Your objective: Could you print exactly the lines of the listing below, starting at the line that has "BLACK V-NECK HALF" and ending at the line that has "Uomo in posa dietro un barroccio", and only those lines?

Data listing:
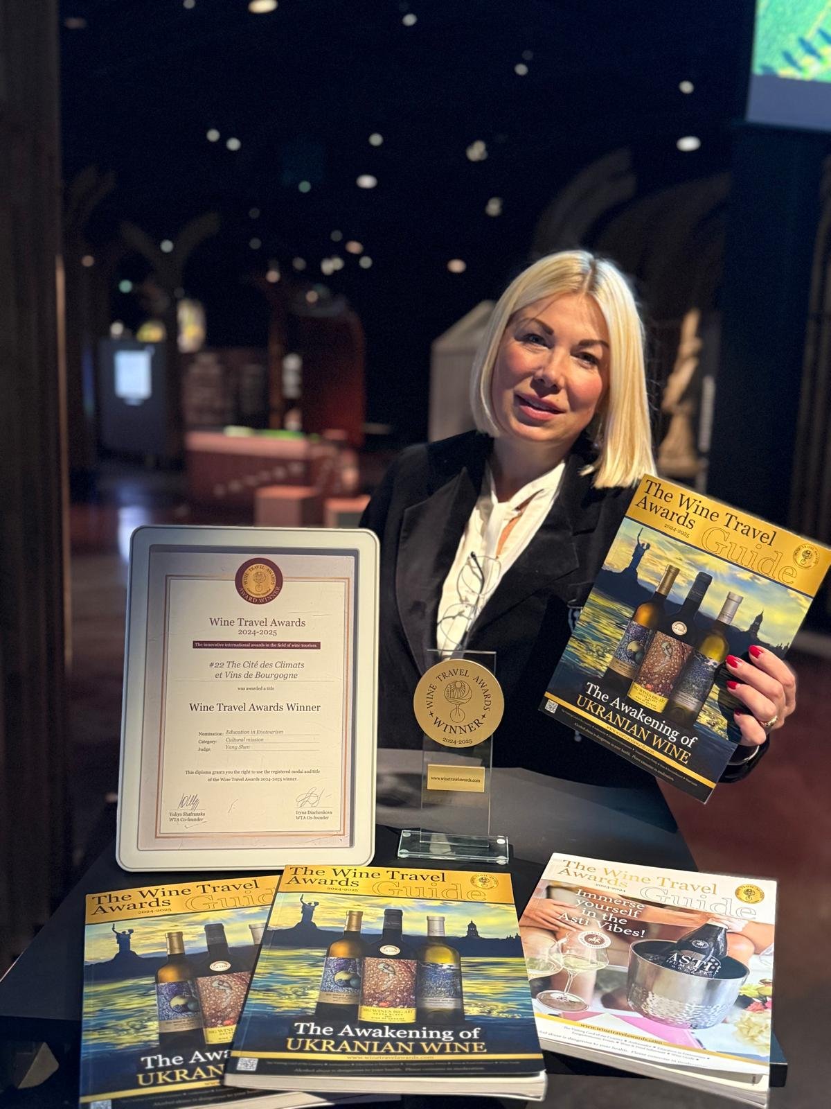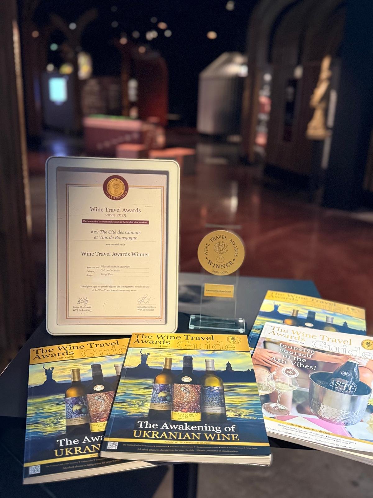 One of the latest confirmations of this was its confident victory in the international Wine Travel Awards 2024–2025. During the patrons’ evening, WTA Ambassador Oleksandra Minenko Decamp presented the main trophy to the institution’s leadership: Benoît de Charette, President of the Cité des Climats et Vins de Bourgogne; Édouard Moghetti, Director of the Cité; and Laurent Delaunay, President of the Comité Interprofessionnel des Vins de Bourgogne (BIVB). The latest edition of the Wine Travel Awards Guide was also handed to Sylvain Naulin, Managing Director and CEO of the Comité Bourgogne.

--

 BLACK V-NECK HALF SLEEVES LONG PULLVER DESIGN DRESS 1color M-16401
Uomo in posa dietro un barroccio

...

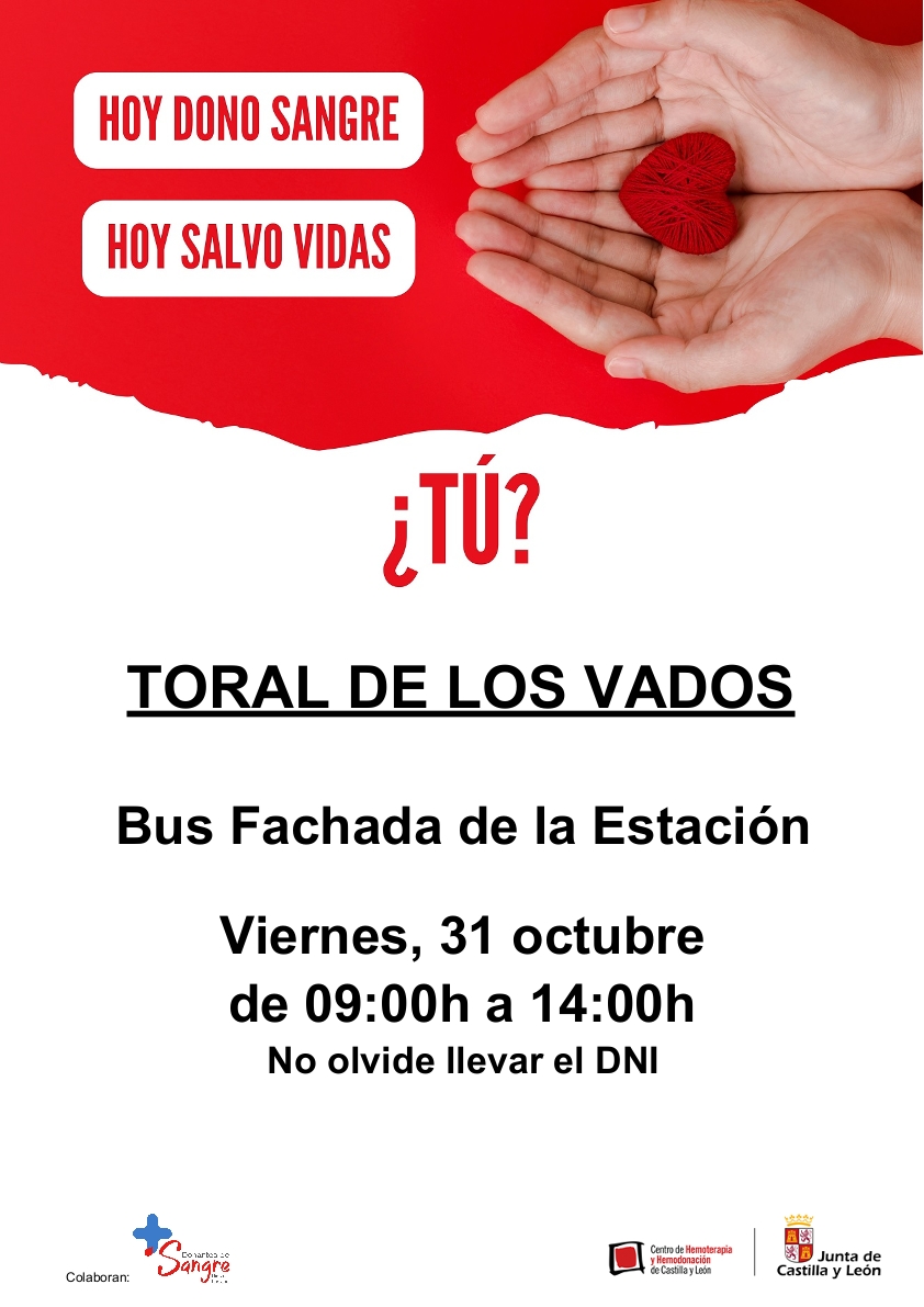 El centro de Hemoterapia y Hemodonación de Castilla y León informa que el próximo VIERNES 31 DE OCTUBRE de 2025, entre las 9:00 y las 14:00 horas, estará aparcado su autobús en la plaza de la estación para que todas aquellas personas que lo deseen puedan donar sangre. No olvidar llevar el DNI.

Written solution:
 BLACK V-NECK HALF SLEEVES LONG PULLVER DESIGN DRESS 1color M-16401
Uomo in posa dietro un barroccio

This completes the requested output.